This opinion will be unpublished and

may not be cited except as provided by

Minn. Stat. § 480A.08, subd. 3 (2004).






State of Minnesota,





Yeng Pha,



Filed September 6, 2005

Affirmed; motion granted

Toussaint, Chief Judge


Hennepin County District Court

File No. 03055352


Mike Hatch, Attorney General, 1800 Bremer Tower, 445 Minnesota Street, St. Paul, MN 55101; and


Amy Klobuchar, Hennepin County Attorney, David C. Brown, Assistant County Attorney, C-2000 Government Center, 300 South Sixth Street, Minneapolis, MN 55487 (for respondent)


Song Lo Fawcett, Robert J. Fowler, Daniel S. Le, Kelley & Fawcett, P.A., 2350 Piper Jaffray Plaza, 444 Cedar Street, St. Paul, MN 55101 (for appellant)


            Considered and decided by Klaphake, Presiding Judge; Toussaint, Chief Judge; and Willis, Judge.

U N P U B L I S H E D   O P I N I O N


TOUSSAINT, Chief Judge

            Appellant Yeng Pha, age 22, was charged with two counts of first-degree criminal sexual conduct for allegedly having sexual intercourse with his 11-year-old twin nieces, M.K.X. and M.N.X.  See Minn. Stat. § 609.342, subd. 1(a) (2002) (prohibiting sexual conduct between complainant under 13 years of age and actor more than 36 months older).  After a bench trial, the district court convicted Pha of both counts of first-degree criminal sexual conduct and sentenced him to 144 months in prison.  Pha filed a motion for a new trial, arguing that the evidence was insufficient to support the conviction and that his counsel was ineffective.  The district court denied the motion.  Because we conclude that (1) the evidence was sufficient to support the conviction; and Pha voluntarily waived his right to a jury trial and (2) Pha’s counsel was not ineffective, we affirm the conviction.      



Sufficiency of the Evidence

            Pha argues that the lack of physical evidence of sexual abuse and the girls’ lack of credibility bolster a conclusion that the conviction was not supported by the evidence.  In assessing a claim attacking the sufficiency of evidence, the evidence is viewed in the light most favorable to the verdict to determine whether the facts in the record and any other legitimate inferences would permit a jury to conclude that a defendant was guilty beyond a reasonable doubt.  Davis v. State, 595 N.W.2d 520, 525 (Minn. 1999).  The reviewing court assumes the jury believed the state’s witnesses and disbelieved any evidence to the contrary.  State v.
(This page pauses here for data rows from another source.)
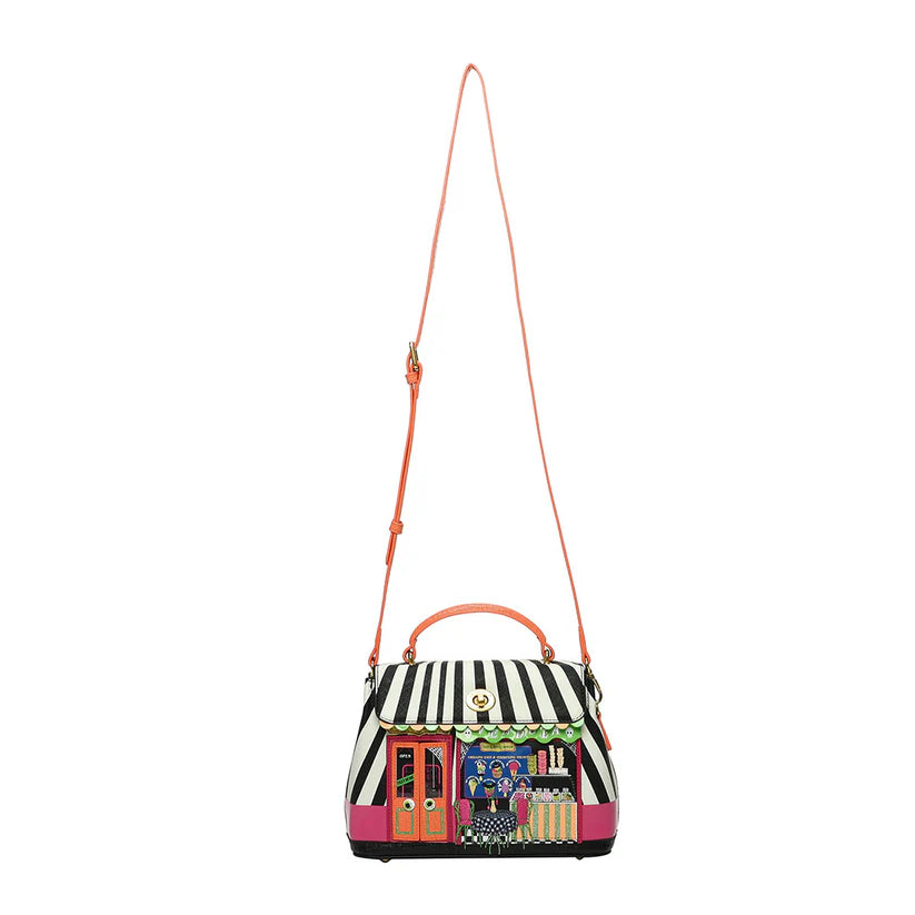 The I-Scream Parlour Mini Grace Bag will be a hit amongst our ‘’Venghoulettes’’, this autumn! This new Vendula bag is a smaller version of the classic Grace Bag, but it is just as roomy with lots of room for your essentials, and pockets galore. It comes with a comfortable handle and a detachable strap, so you can carry the bag like a handbag, over the shoulder or crossbody. Made of vegan leather, this mini grace bag is livelier than the theme may suggest: the vibrant colours, glow in the dark stripes and freaky 3D details give this bag a unique look that you will enjoy showcasing at any occasion. Go on, open the parlour’s doors and have an ice cream: there’s ‘’A fright in every bite’’!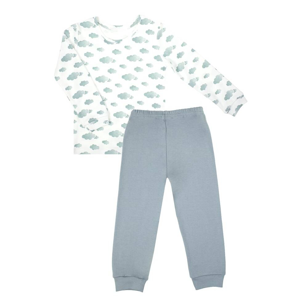Zapytaj o produktBawełniana piżamka na długi rękaw z kolekcji Liam. Bluzka uszyta z drukowanej białej bawełny w lodowe chmurki. Spodnie natomiast wykonane zostały w kolorze lodowym. Posiada certyfikat Oeko-Tex Standard 100 Tekstylia godne zaufania. Fason piżamki jest luźny, będzie idealnie pasował na każdą sylwetkę. Spodnie posiadają w pasie wygodną gumkę, nie uciskającą brzuszka, dodatkowo została przeszyta, aby zapobiec okręcaniu się. Dół nogawek zakończono ściągaczem.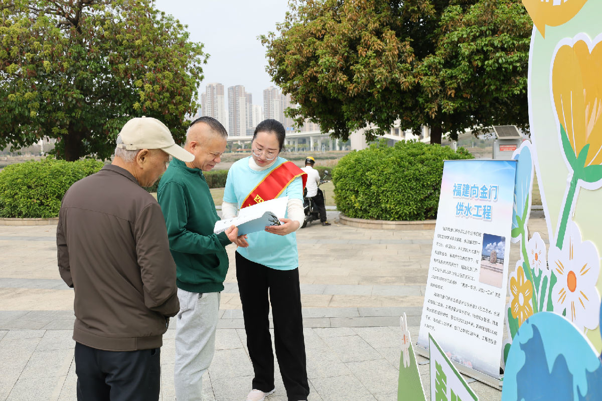 活动采用线上线下联动方式,线上推出节水知识问答小程序与全程图片直播,线下组织节水徒步打卡、主题签名等活动。徒步路线沿途设置宣传展板,集中展示向金门供水工程成效与水源保护实践,志愿者现场讲述工程节水护水经验和两岸通水背后的动人故事,让“两岸一家亲,共饮一江水”的深情厚谊触手可及。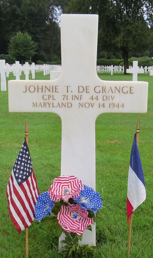 Cpl Johnie De Grange was employed at Hotel Frederick.He enlisted in Baltimore, Maryland on 22 February 1943 and sent overseas in September, 1944.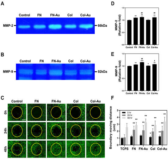 Studies suggested that MMPs are closely related to cell migration since their release from cells induces them to secrete related growth factors. The zymography results (Figure 4A,B) showed that MMP2 and MMP9 expression was significantly higher on FN-Au and Col-Au. The semi-quantitative results (Figure 4D) showed that FN (1.07-fold, p < 0.01), FN-Au (1.23-fold, p < 0.01), and Col-Au (1.21-fold, p < 0.01) had significantly higher MMP2 expression than the control (TCPS) but not Col (1.10-fold, n.s.). Moreover, adding AuNPs induced greater MMP2 expression than the pure substrates (FN-Au, p < 0.01; Col-Au, p < 0.05). Furthermore, MMP9 showed similar trends (Figure 4E): FN (1.06-fold, p < 0.01), FN-Au (1.21-fold, p < 0.001), Col (1.10-fold, p < 0.05), and Col-Au (1.12-fold, p < 0.01). Adding AuNPs again significantly (both p < 0.01) improved MMP9 expression compared to the pure substrates. These zymography results for MMP2 and MMP9 indicate that the nanocomposites can induce greater MMP expression, facilitating cell migration.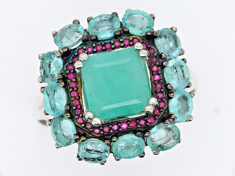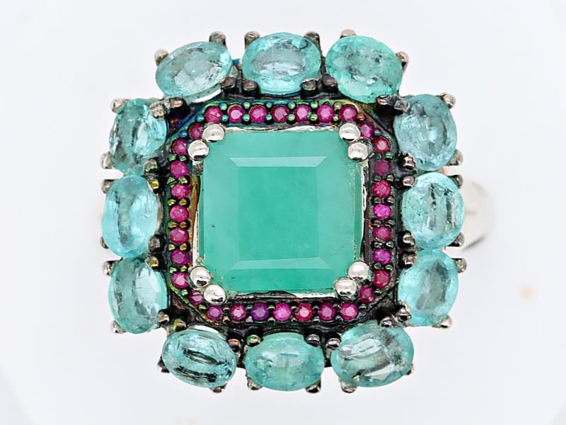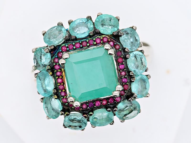 NATURAL ZAMBIAN EMERALD & BURMESE RUBY (UNHEATED) RING ON 925 SILVER - WITH CERTIFICATE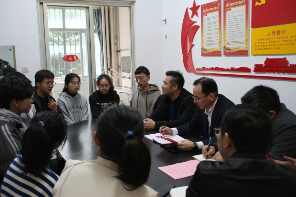 班主任汇报了班级同学日常学习、工作、生活等方面情况,学生代表逐一交流了近期学习、工作、生活情况,同时也就专业学习、考研、基础设施等提出了意见和建议。张宏耐心细致地为同学们一一解答,鼓励同学们要立大志,认真学好专业知识,坚定考研目标;要珍惜大学期间同学之间的珍贵情谊,努力营造和睦、友爱、有温度的班级氛围;要加强体育锻炼,健全体魄,争做卓越的文理青年,增强本领,更好地报效祖国。
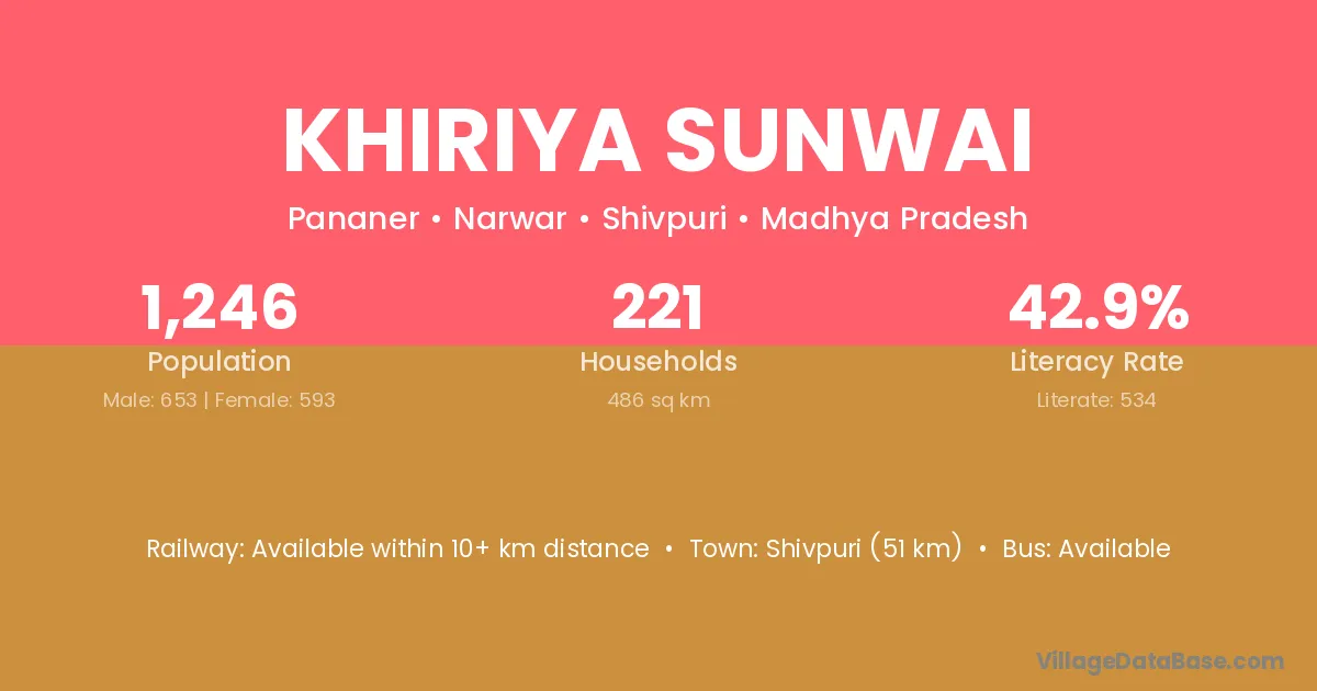 Shivpuri (51 km) is the nearest town to Khiriya Sunwai village for major economic activities and is located approximately 51 km away.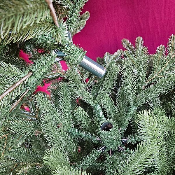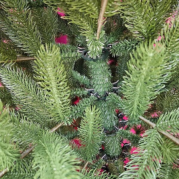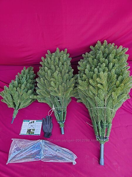 Це зручна та надійна модель — ялинка на шарнірах, яка сама розкладає гілки; потрібно лише розправити відростки.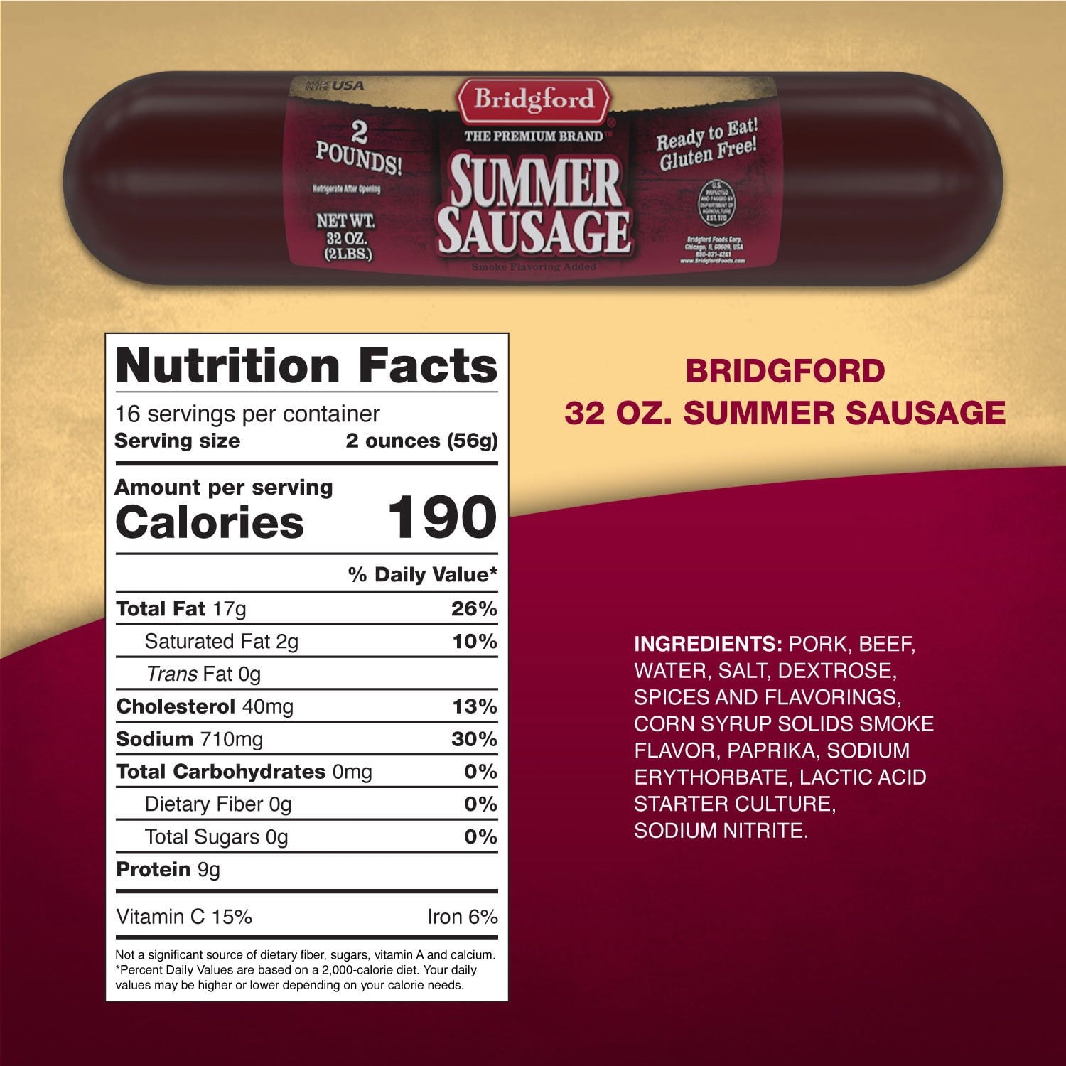 Ingredient: Pork, Beef, Water, Salt, Dextrose, Spices and Flavorings, Corn Syrup Solids Smoke Flavor, Paprika, Sodium Erythorbate, Lactic Acid Starter Culture, Sodium Nitrite.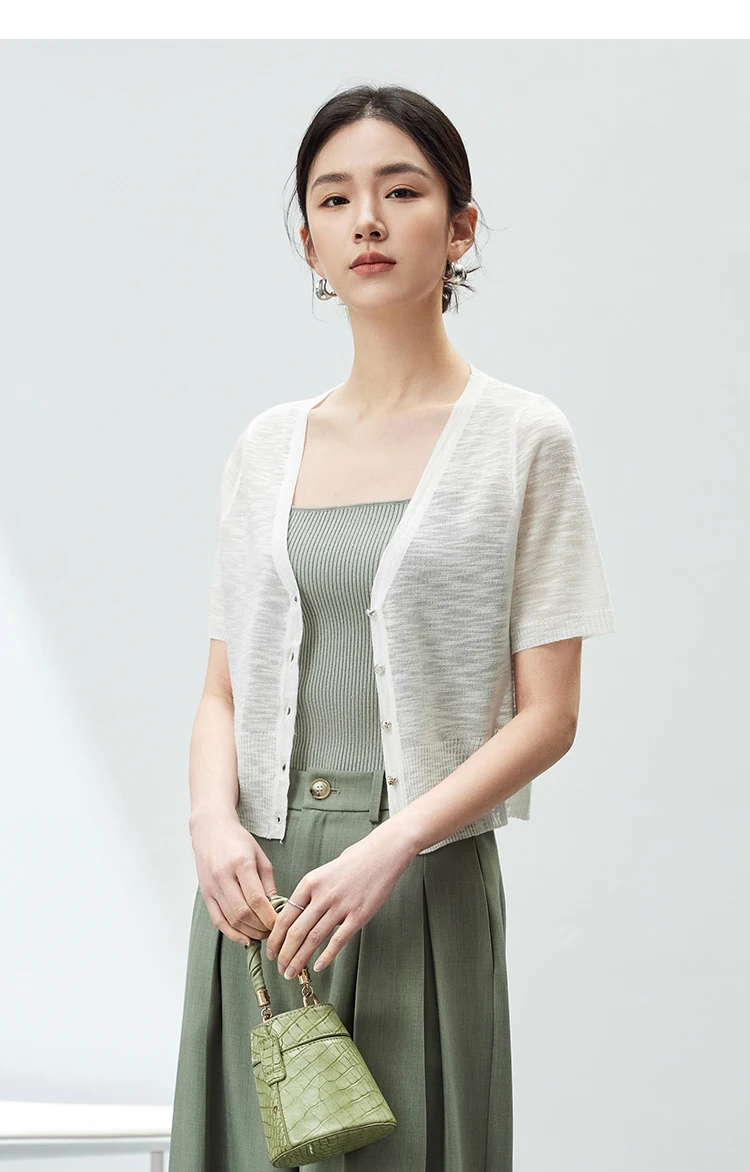 SENTUBILA Soft Short Sleeve Cropped Knitted Cardigan 2024 Summer New Female Knitwears V-neck Single Breasted Tops W42H54604

Moore, 438 N.W.2d 101, 108 (Minn. 1989).  Appellate courts “review criminal bench trials the same as jury trials when determining whether the evidence is sufficient to sustain convictions.”  Davis, 595 N.W.2d at 525 (quotation omitted).     

            At trial, both girls testified that Pha sexually penetrated them on multiple occasions while they were staying in his room at the girls’ grandmother’s house.  M.K.X. testified that she reported the abuse because she thought it might have contributed to an illness that she developed.  Using a diagram, each girl testified that Pha’s genitalia touched hers when she was staying in his room.   M.K.X.’s attending nurse, a prosecution witness; and M.N.X.’s examining doctor, a defense witness; both testified that physical injuries from sexual conduct would not be common in young females, especially if there was a lapse between the injury and the examination.  The examining doctor also testified that it is more than 90 % likely that a child will not exhibit physical evidence of a sexual injury if an examination is not done on the day of the abuse. 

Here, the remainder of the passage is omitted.